◆ **DATA PROVIDED**
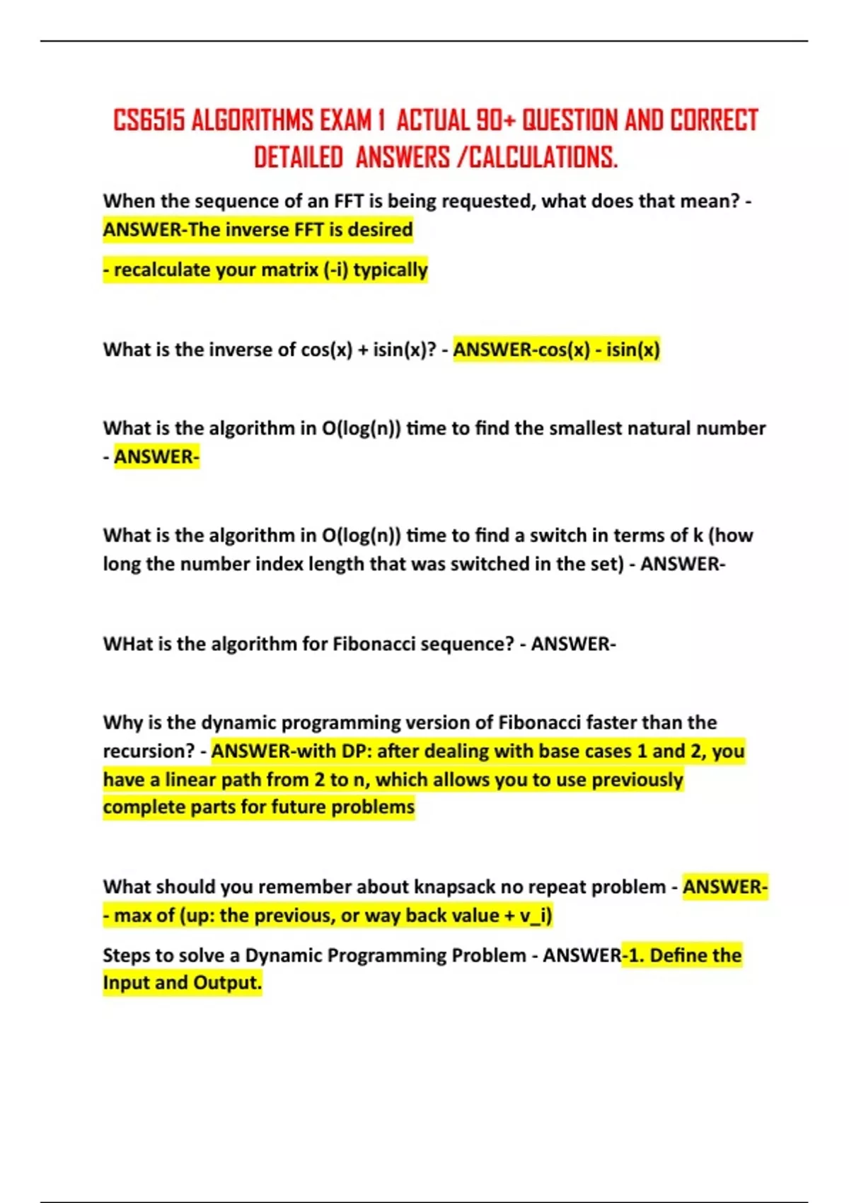 CS6515 ALGORITHMS EXAM 1 ACTUAL 90+ QUESTION AND CORRECT DETAILED ANSWERS /CALCULATIONS.
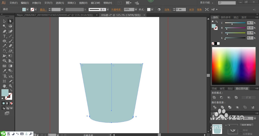 2、设置前景色为蓝灰色,我们用蓝灰色填充纸桶的正面,再设置背景色为天蓝色。
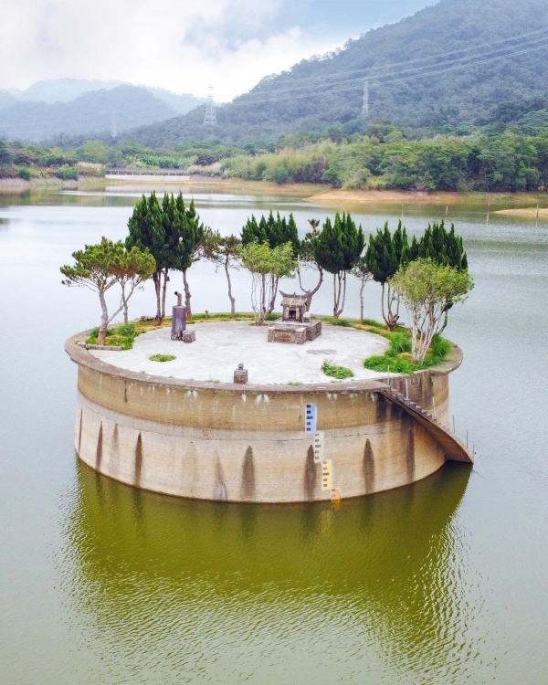 位於桃園大溪的新福圳一號池,蓄水面積約15公頃,是桃園農田水利最大的蓄水池,每年初一、十五都必須搭竹筏上島參拜,地方人士表示,當初建池塘時擲筊詢問多次,土地公指示不肯搬到新廟,只好採原地墊高方式保留土地公廟,也成為了全台唯一水中的土地公!
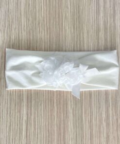 Fascetta bambina in cotone elasticizzato, di colore panna, con applicazione in rilievo.
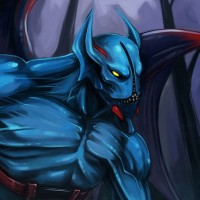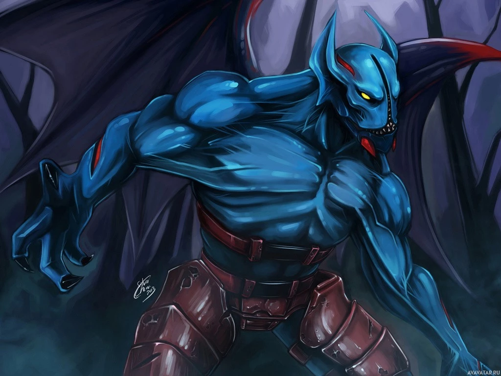 the Night Stalker from the game Dota 2. This character is known for his agility, strength, and ability to quickly close distances with enemies due to his Blink Dagger. He is portrayed in a stylized
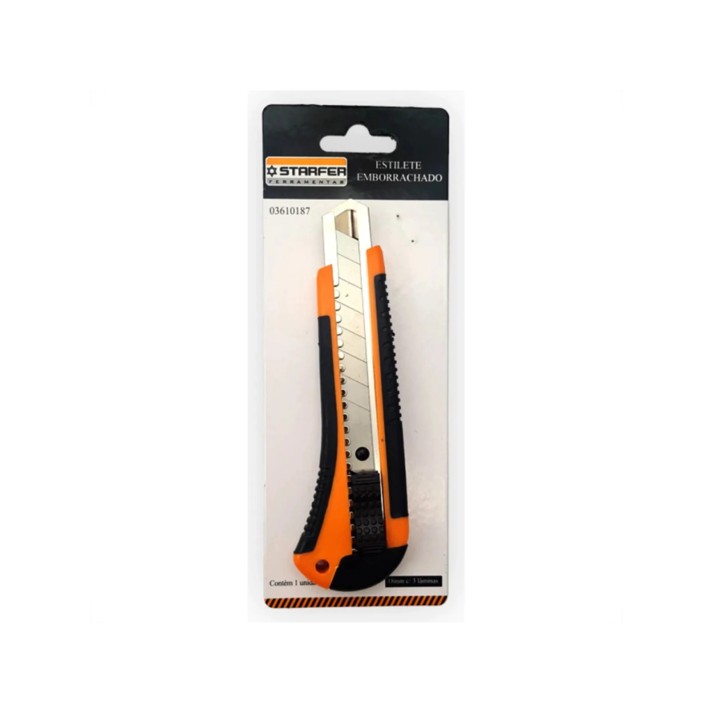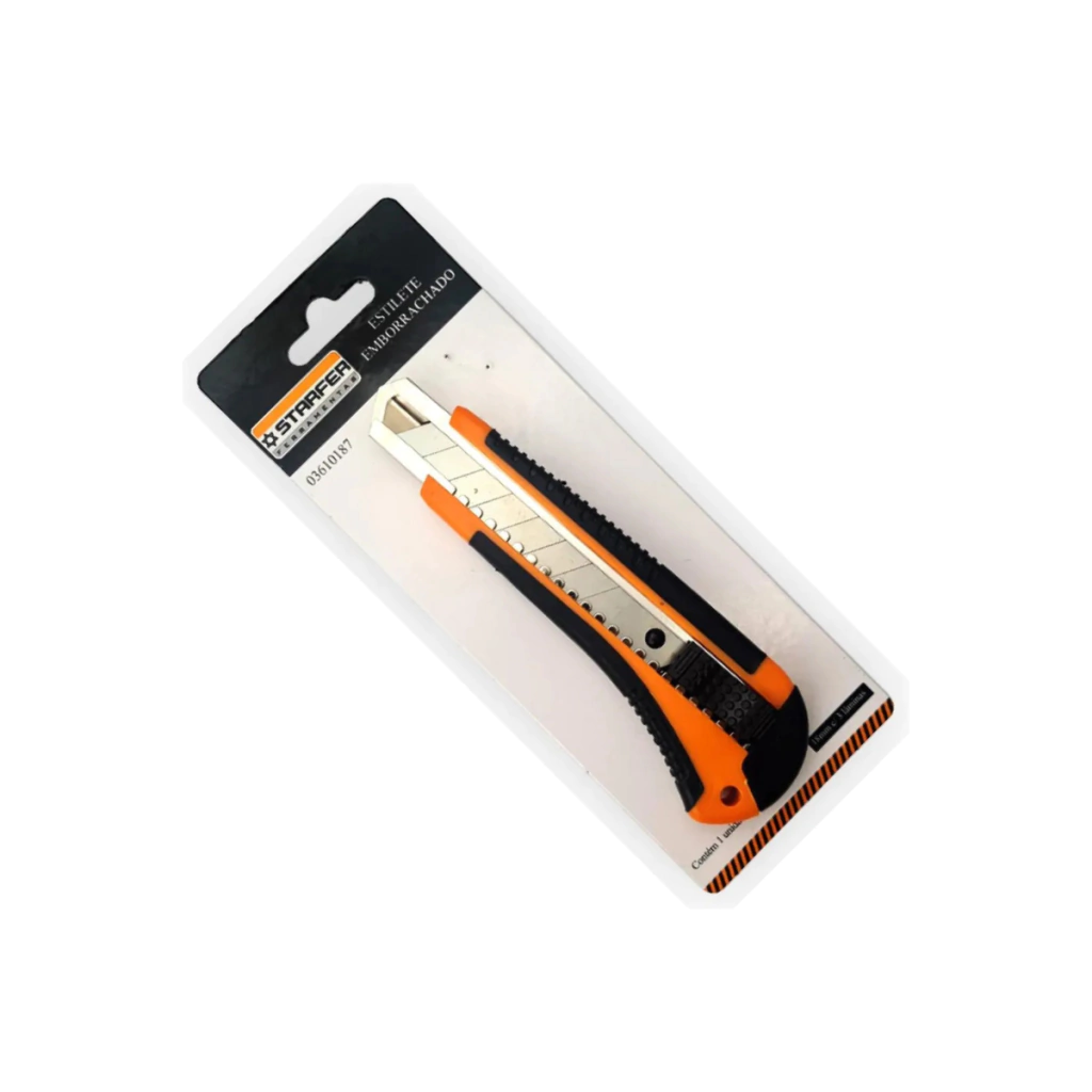 O Estilete 18mm da Starfer é uma ferramenta prática e segura para cortes precisos em diversos materiais. Possui corpo emborrachado que garante maior conforto e firmeza no manuseio, evitando deslizes durante o uso.
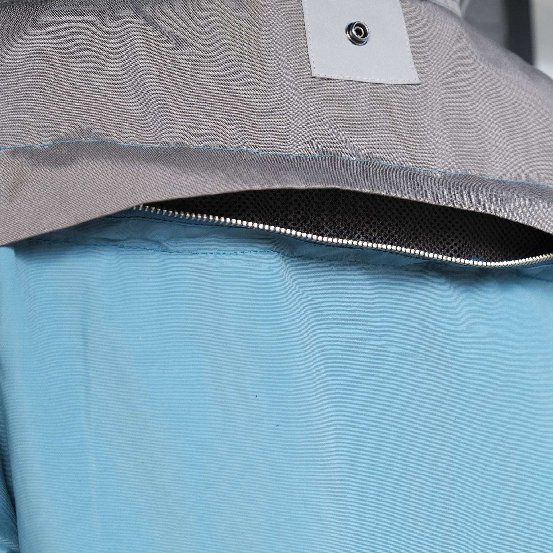 フロントはジッパーとボタンという構造で、暑い場合はジッパーを開けてボタンのみ閉じることで通気性を向上させることができます。
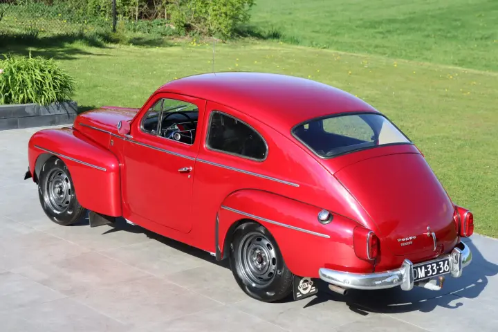 Choosing the colour proved a challenge, as the original 1965 Volvo red (colour code 46) was not the preferred option. After a long search, a sparkling pearlescent metallic red from Alfa Romeo was chosen: ‘Rosso Competizione’. The colour combines beautifully with dark anthracite-painted alloy wheels, creating a unique and sporty appearance. The restoration was carried out with the principle of reusing parts wherever possible. Surprisingly, much of the car was in good condition, meaning many original elements, such as the chrome trim, are still present. The paintwork, windows and lighting are in good condition. The gaps between panels fit together neatly, indicating a damage-free history. A tow bar has been fitted at the rear. The exterior of the Volvo PV 544 is characterised by its timeless, rounded shapes and distinctive lines. The car has a robust yet charming appearance with its bulging mudguards, narrow grille and striking front end. The compact build and classic proportions give the PV 544 a sporty and distinctive character. The car comes with spare hubcaps and the original trim strips.

◆ **EXERCISE BRIEF**
Leaving out the pictures, return the records exactly as given.

◆ **RESPONSE TO THIS TASK**
 CS6515 ALGORITHMS EXAM 1 ACTUAL 90+ QUESTION AND CORRECT DETAILED ANSWERS /CALCULATIONS.
 2、设置前景色为蓝灰色,我们用蓝灰色填充纸桶的正面,再设置背景色为天蓝色。
 位於桃園大溪的新福圳一號池,蓄水面積約15公頃,是桃園農田水利最大的蓄水池,每年初一、十五都必須搭竹筏上島參拜,地方人士表示,當初建池塘時擲筊詢問多次,土地公指示不肯搬到新廟,只好採原地墊高方式保留土地公廟,也成為了全台唯一水中的土地公!
 Fascetta bambina in cotone elasticizzato, di colore panna, con applicazione in rilievo.
 the Night Stalker from the game Dota 2. This character is known for his agility, strength, and ability to quickly close distances with enemies due to his Blink Dagger. He is portrayed in a stylized
 O Estilete 18mm da Starfer é uma ferramenta prática e segura para cortes precisos em diversos materiais. Possui corpo emborrachado que garante maior conforto e firmeza no manuseio, evitando deslizes durante o uso.
 フロントはジッパーとボタンという構造で、暑い場合はジッパーを開けてボタンのみ閉じることで通気性を向上させることができます。
 Choosing the colour proved a challenge, as the original 1965 Volvo red (colour code 46) was not the preferred option. After a long search, a sparkling pearlescent metallic red from Alfa Romeo was chosen: ‘Rosso Competizione’. The colour combines beautifully with dark anthracite-painted alloy wheels, creating a unique and sporty appearance. The restoration was carried out with the principle of reusing parts wherever possible. Surprisingly, much of the car was in good condition, meaning many original elements, such as the chrome trim, are still present. The paintwork, windows and lighting are in good condition. The gaps between panels fit together neatly, indicating a damage-free history. A tow bar has been fitted at the rear. The exterior of the Volvo PV 544 is characterised by its timeless, rounded shapes and distinctive lines. The car has a robust yet charming appearance with its bulging mudguards, narrow grille and striking front end. The compact build and classic proportions give the PV 544 a sporty and distinctive character. The car comes with spare hubcaps and the original trim strips.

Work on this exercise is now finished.